Possible replacement
Ce contrôle de l'information et la crainte de représailles pourraient convaincre des SMP de Wagner auparavant récalcitrantes de s'intégrer à l'armée russe régulière.
L'intégration des opérations africaines de Wagner au ministère russe de la défense devrait se faire relativement facilement.

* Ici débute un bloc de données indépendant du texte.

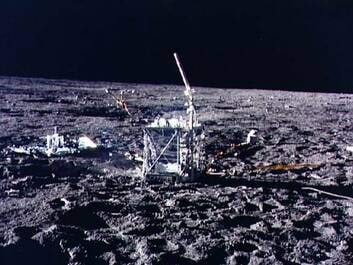 | Umbes 30 m läbimõõduga kraater, mis tekkis 14. aprillil 1970. a kokkupõrkel Kuuga. See asub Mare Cognitumist põhjas –2,55° laiuskraadil ja –27,88° pikkuskraadil. | Seismojaam Apollo 12 maandumiskohas Kuul. Seismograaf jälgib pinna liikumisi, registreerides seismilisi laineid. Vasakul paiknev mõõteseade on muutuva temperatuuri ja sellega kaasnevate soojuspingete eest kaitstud metallfooliumiga. |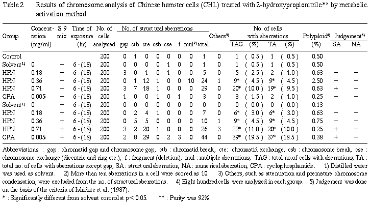2−ヒドロキシプロパンニトリルは、今回実施した試験条件下で、試験管内のCHL細胞に染色体異常を誘発すると結論した。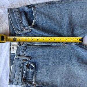 Classic high-rise silhouette. Straight leg fit. Five-pocket styling with metal rivets. Light wash with subtle fading. Clean, versatile look.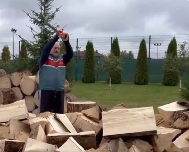 În această înregistrare video, difuzată de televiziune naţională, Lukaşenko poate fi văzut înarmat cu un topor în faţa unui morman de buşteni proaspăt tăiaţi.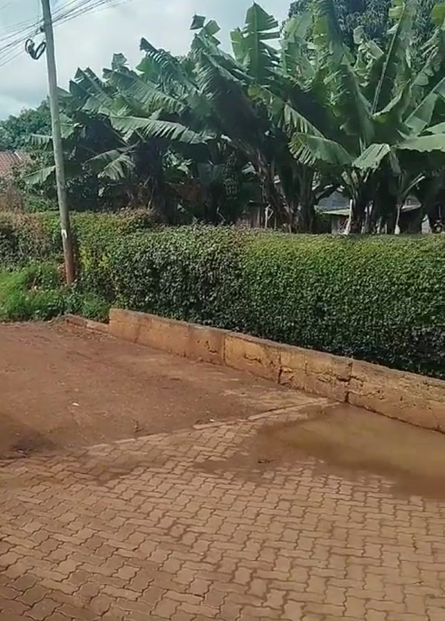 A static, eye-level shot shows a residential street scene. The foreground features a pavement of reddish-brown herringbone brick, partially wet with standing water. In the midground, a low, tan concrete barrier separates the pavement from a dense, well-maintained green hedge. Behind the hedge are various buildings, including houses with red roofs and white walls. Trees, including banana trees and other leafy varieties, are interspersed among the buildings, filling the background. A water tank on a metal frame is also visible. Utility poles with wires extend across the sky. The sky is partly cloudy, with blue patches visible. There are no people or animals visible in the frame.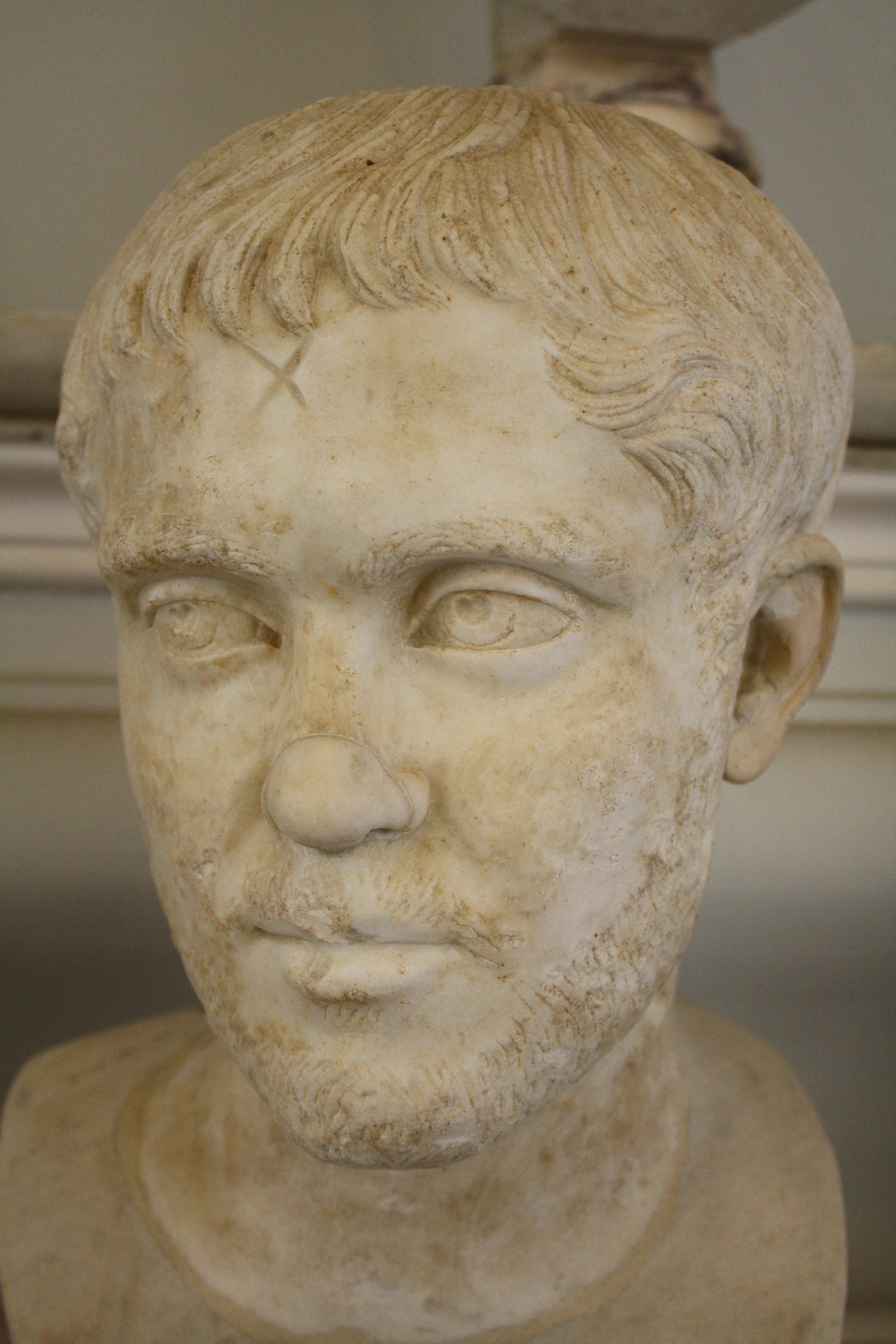 A marble bust of Roman emperor Hostilian, r. 253 CE. (The Vatican Museums, Rome).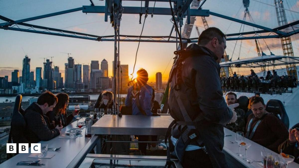 "London in the Sky" is a 22-seater table which is suspended 100 feet in the air above London's O2 arena - that's 30m up in the air!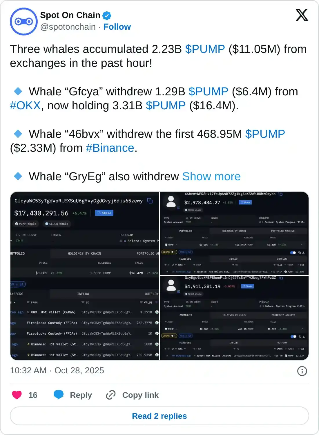 Cá voi đầu tiên đã rút 1,29 tỷ PUMP, trị giá khoảng 6,4 triệu đô la, khỏi sàn giao dịch OKX, nâng tổng số nắm giữ lên 3,31 tỷ PUMP, trị giá 16,4 triệu đô la.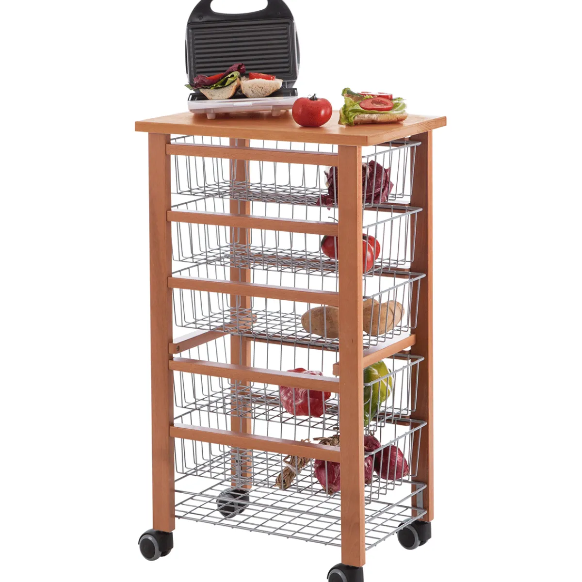 In diesem praktischen Küchenwagen aus schönem Buchenholz lassen sich Lebensmittel und andere nützliche Dinge lagern. In der Küche oder Speisekammer platziert, steht Ihnen mit dem fahrbaren Wagen ein flexibles und dekoratives Möbelstück zur Verfügung. Der Rollwagen aus massivem Buchenholz beherbergt sechs pulverbeschichtete Metallkörbe, von denen einer fest (ganz unten) und fünf ausziehbar sind. Die obere Ebene besteht aus einer edlen Spanplatte, die als Ablagefläche genutzt werden kann. Der Wagen lässt sich, dank der Räder aus spurlosem Gummi, leicht von A nach B bewegen. Hergestellt in Italien. Das Produkt wird zusammengebaut geliefert.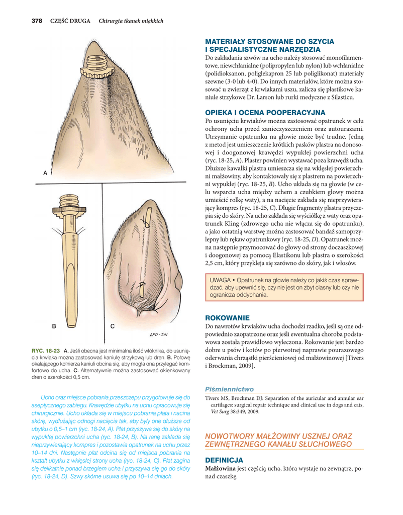 378 CZĘŚĆ DRUGA Chirurgia tkanek miękkich MATERIAŁY STOSOWANE DO SZYCIA I SPECJALISTYCZNE NARZĘDZIA Do zakładania szwów na ucho należy stosować monofilamentowe, niewchłanialne (polipropylen lub nylon) lub wchłanialne (polidioksanon, poliglekapron 25 lub poliglikonat) materiały szewne (3-0 lub 4-0). Do innych materiałów, które można stosować u zwierząt z krwiakami uszu, zalicza się plastikowe kaniule strzykowe Dr. Larson lub rurki medyczne z Silasticu. OPIEKA I OCENA POOPERACYJNA Po usunięciu krwiaków można zastosować opatrunek w celu ochrony ucha przed zanieczyszczeniem oraz autourazami. Utrzymanie opatrunku na głowie może być trudne. Jedną z metod jest umieszczenie krótkich pasków plastra na donosowej i doogonowej krawędzi wypukłej powierzchni ucha (ryc. 18-25, A). Plaster powinien wystawać poza krawędź ucha. Dłuższe kawałki plastra umieszcza się na wklęsłej powierzchni małżowiny, aby kontaktowały się z plastrem na powierzchni wypukłej (ryc. 18-25, B). Ucho układa się na głowie (w celu wsparcia ucha między uchem a czubkiem głowy można umieścić rolkę waty), a na nacięcie zakłada się nieprzywierający kompres (ryc. 18-25, C). Długie fragmenty plastra przyczepia się do skóry. Na ucho zakłada się wyściółkę z waty oraz opatrunek Kling (zdrowego ucha nie włącza się do opatrunku), a jako ostatnią warstwę można zastosować bandaż samoprzylepny lub rękaw opatrunkowy (ryc. 18-25, D). Opatrunek można następnie przymocować do głowy od strony doczaszkowej i doogonowej za pomocą Elastikonu lub plastra o szerokości 2,5 cm, który przykleja się zarówno do skóry, jak i włosów. A UWAGA • Opatrunek na głowie należy co jakiś czas sprawdzać, aby upewnić się, czy nie jest on zbyt ciasny lub czy nie ogranicza oddychania. B C RYC. 18-23 A. Jeśli obecna jest minimalna ilość włóknika, do usunięcia krwiaka można zastosować kaniulę strzykową lub dren. B. Połowę okalającego kołnierza kaniuli obcina się, aby mogła ona przylegać komfortowo do ucha. C. Alternatywnie można zastosować okienkowany dren o szerokości 0,5 cm. ROKOWANIE Do nawrotów krwiaków ucha dochodzi rzadko, jeśli są one odpowiednio zaopatrzone oraz jeśli ewentualna choroba podstawowa została prawidłowo wyleczona. Rokowanie jest bardzo dobre u psów i kotów po pierwotnej naprawie pourazowego oderwania chrząstki pierścieniowej od małżowinowej [Tivers i Brockman, 2009]. Piśmiennictwo Ucho oraz miejsce pobrania przeszczepu przygotowuje się do aseptycznego zabiegu. Krawędzie ubytku na uchu opracowuje się chirurgicznie. Ucho układa się w miejscu pobrania płata i nacina skórę, wydłużając odnogi nacięcia tak, aby były one dłuższe od ubytku o 0,5–1 cm (ryc. 18-24, A). Płat przyszywa się do skóry na wypukłej powierzchni ucha (ryc. 18-24, B). Na ranę zakłada się nieprzywierający kompres i pozostawia opatrunek na uchu przez 10–14 dni. Następnie płat odcina się od miejsca pobrania na kształt ubytku z wklęsłej strony ucha (ryc. 18-24, C). Płat zagina się delikatnie ponad brzegiem ucha i przyszywa się go do skóry (ryc. 18-24, D). Szwy skórne usuwa się po 10–14 dniach. Tivers MS, Brockman DJ: Separation of the auricular and annular ear cartilages: surgical repair technique and clinical use in dogs and cats, Vet Surg 38:349, 2009. NOWOTWORY MAŁŻOWINY USZNEJ ORAZ ZEWNĘTRZNEGO KANAŁU SŁUCHOWEGO DEFINICJA Małżowina jest częścią ucha, która wystaje na zewnątrz, ponad czaszkę.

Au Soudan, les SMP de Wagner gardent principalement les mines d'or, et l'ancien président Dmitry Medvedev a supervisé les contrats avec la société Meroe Gold de Prigozhin.
La rencontre de Khalifa Haftar, chef de l'Armée nationale libyenne (ANL), avec le vice-ministre russe de la défense, Yunus-Bek Yevkurov, immédiatement après la mort de Prigozhin, et l'ouverture du président de la RCA, Fausatin-Archange Touadera, à la coopération avec d'autres entités russes, sont des signes encourageants.
L'assistance directe du Kremlin pourrait aider les opérations de Wagner au Mali à obtenir un meilleur accès à l'armement lourd, étant donné qu'elles ont connu des pénuries d'équipement en raison de la guerre en Ukraine.
Un processus d'intégration stable de Wagner au sein du ministère russe de la Défense pourrait lui permettre d'être engagée par de nouveaux clients, tels que les juntes militaires du Burkina Faso et du Niger.
À plus long terme, le Kremlin pourrait confier à d'autres sociétés de gestion des polices les responsabilités qu'il confiait autrefois à Wagner.
La SMP Redut, dont les rangs sont passés de 300 à 7 000 au cours de la première année de la guerre d'Ukraine, a été fondée par le général Vladimir Alexeyev, ancien allié de Prigozhin, mais elle travaille en étroite collaboration avec le ministère russe de la défense.
Cela pourrait lui permettre d'intégrer d'anciens combattants de Wagner et de promouvoir les intérêts de la Russie dans le monde entier de manière incontrôlable.
La PMC du géant russe de l'énergie Gazprom, qui supervise les milices Flame, Stream et Torch, pourrait également étendre sa portée internationale.
Pour éviter que la consolidation du pouvoir et la tentative de coup d'État de Prigozhin ne se répètent, Poutine soutiendra probablement un réseau oligopolistique de SMP et s'abstiendra de confier un large éventail de responsabilités à une seule personne.
Bien que la mort de Prigozhin ait suscité des craintes d'instabilité accrue en Russie et des prédictions de perturbation de ses opérations internationales, les premiers signes suggèrent que l'emprise de Poutine sur le pouvoir est devenue plus sûre.
L'héritage de Prigozhin se perpétuera dans un Wagner nouvellement reconstitué et fermement ancré dans le giron de l'État russe.
L'auteur, Samuel Ramani, est un expert en relations internationales et l'auteur de "Russia in Africa" et "Putin's War on Ukraine".